Please transcribe only the lines from the one holding "- 환기 시스템 활용: 주방" through the final line of the data, both included, with no pictures.

Entries provided Block Start

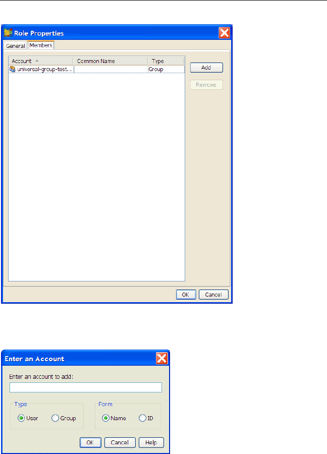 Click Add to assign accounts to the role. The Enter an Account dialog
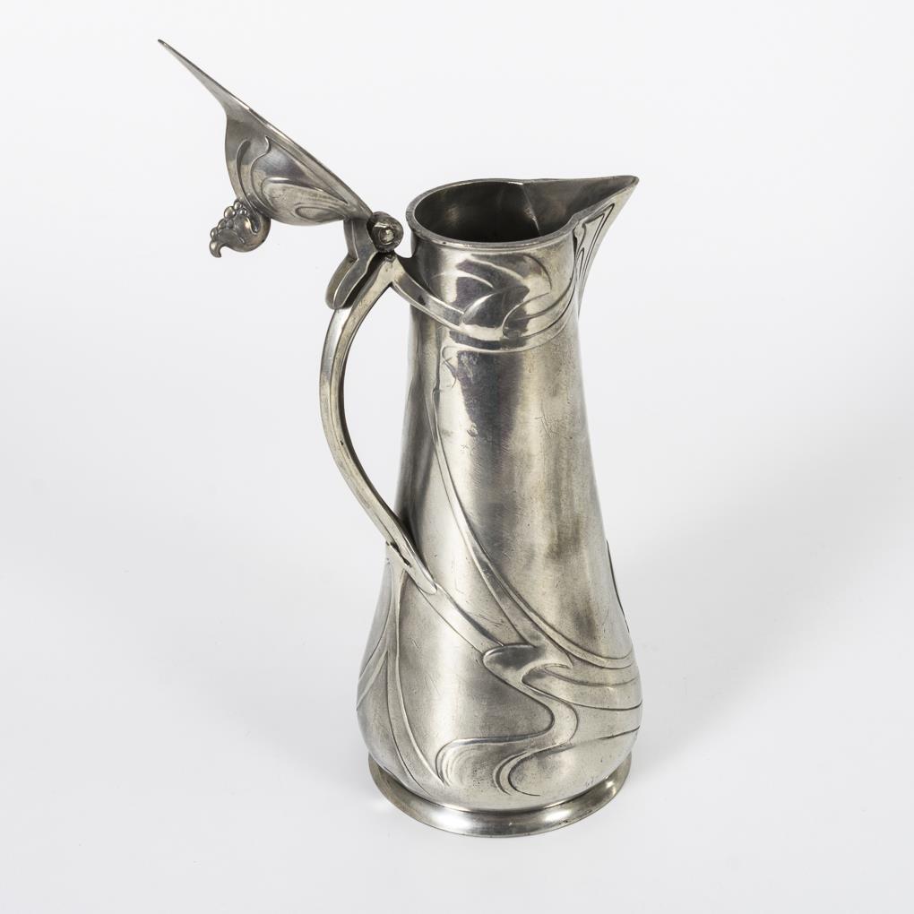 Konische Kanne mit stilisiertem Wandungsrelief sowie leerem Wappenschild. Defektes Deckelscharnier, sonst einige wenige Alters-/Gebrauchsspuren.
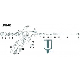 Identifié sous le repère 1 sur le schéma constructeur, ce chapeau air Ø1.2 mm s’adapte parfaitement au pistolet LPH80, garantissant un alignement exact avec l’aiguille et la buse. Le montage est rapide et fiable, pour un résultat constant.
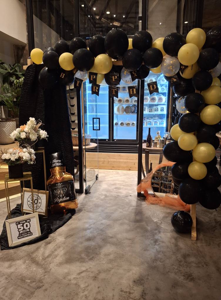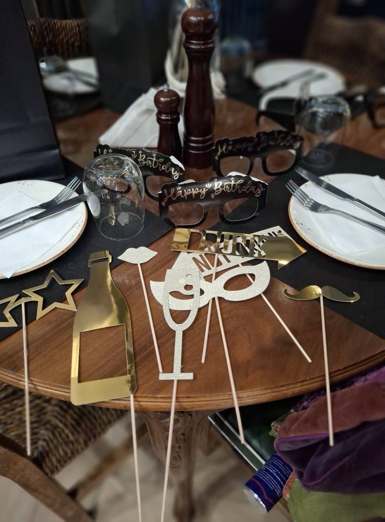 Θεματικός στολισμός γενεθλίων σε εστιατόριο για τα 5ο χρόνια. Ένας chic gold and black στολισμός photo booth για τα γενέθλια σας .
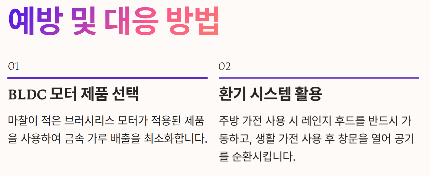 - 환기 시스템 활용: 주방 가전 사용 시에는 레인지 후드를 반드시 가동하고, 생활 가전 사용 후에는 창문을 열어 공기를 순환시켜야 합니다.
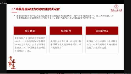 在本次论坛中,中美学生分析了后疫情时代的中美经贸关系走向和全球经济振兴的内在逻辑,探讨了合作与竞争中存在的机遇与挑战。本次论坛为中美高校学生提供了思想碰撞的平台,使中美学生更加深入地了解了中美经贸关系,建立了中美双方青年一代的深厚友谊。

Entries provided Block End

▸ Task response:
 - 환기 시스템 활용: 주방 가전 사용 시에는 레인지 후드를 반드시 가동하고, 생활 가전 사용 후에는 창문을 열어 공기를 순환시켜야 합니다.
 在本次论坛中,中美学生分析了后疫情时代的中美经贸关系走向和全球经济振兴的内在逻辑,探讨了合作与竞争中存在的机遇与挑战。本次论坛为中美高校学生提供了思想碰撞的平台,使中美学生更加深入地了解了中美经贸关系,建立了中美双方青年一代的深厚友谊。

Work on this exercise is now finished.